İran basınının, Tahran’daki Türkiye-İran-Rusya üçlü zirvesinden sonra gerçekleşen söz konusu provokasyona yönelik tutumuna bakıldığında Türkiye’ye karşı açık bir şekilde algı operasyonu yürütüldüğünü belirtmek mümkündür. Genel itibarıyla Türkiye’nin güvenlik kaygıları göz ardı edilerek pervasız bir üslupla Suriye’deki muhtemel bir operasyona karşı muhalefet edilmektedir.

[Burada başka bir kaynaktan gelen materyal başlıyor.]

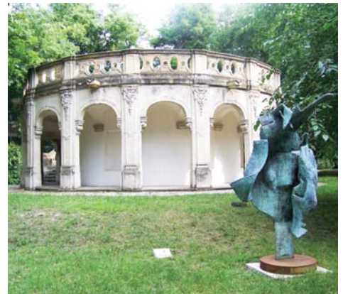
A józsefvárosi barokk kálvária

ritka a 40-50 fős összejövetel sem náluk. A Vasárnapi Újság 1894-es, Jókai lakóháza című cikkében mutatta be házukat: „Az epreskerti művésztelep legérdekesebb s valóban művészi kivitelű

Şiddetli Yağışlardan Kaynaklanan Sel Felaketi

İran’da Tahran başta olmak üzere ülkenin büyük kısmını etkisi altına alan ve birçok can kaybına neden olan şiddetli yağışlardan kaynaklı sel felaketi, İran basınının gündemini meşgul eden diğer bir gelişmedir. Reformcu cenahın önde gelen yayınlarından Şark gazetesi, “Tekrarlanan Sel, Tekrarlanan Olaylar” başlıklı yazısıyla 2019 yılında İran’da yaşanan sel felaketlerindeki hatalı kriz yönetiminden ders alınmadığına dikkat çekmiştir. Bunun yanında vatandaşları sel, taşkın ve heyelan gibi tehlikelere karşı bilgilendiren uyarı mesajının; sel felaketinden önce değil, sonra gönderildiğini vurgulayarak krizin doğru yönetilememesinin daha fazla can kaybına neden olduğu yorumuna yer vermiştir. Aftab-ı Yezd gazetesi de benzer bir çerçeve çizerken İktisad-ı Ser Amed gazetesi “Yeniden Sel Yönetimi Krizi” manşetine yer vermiştir.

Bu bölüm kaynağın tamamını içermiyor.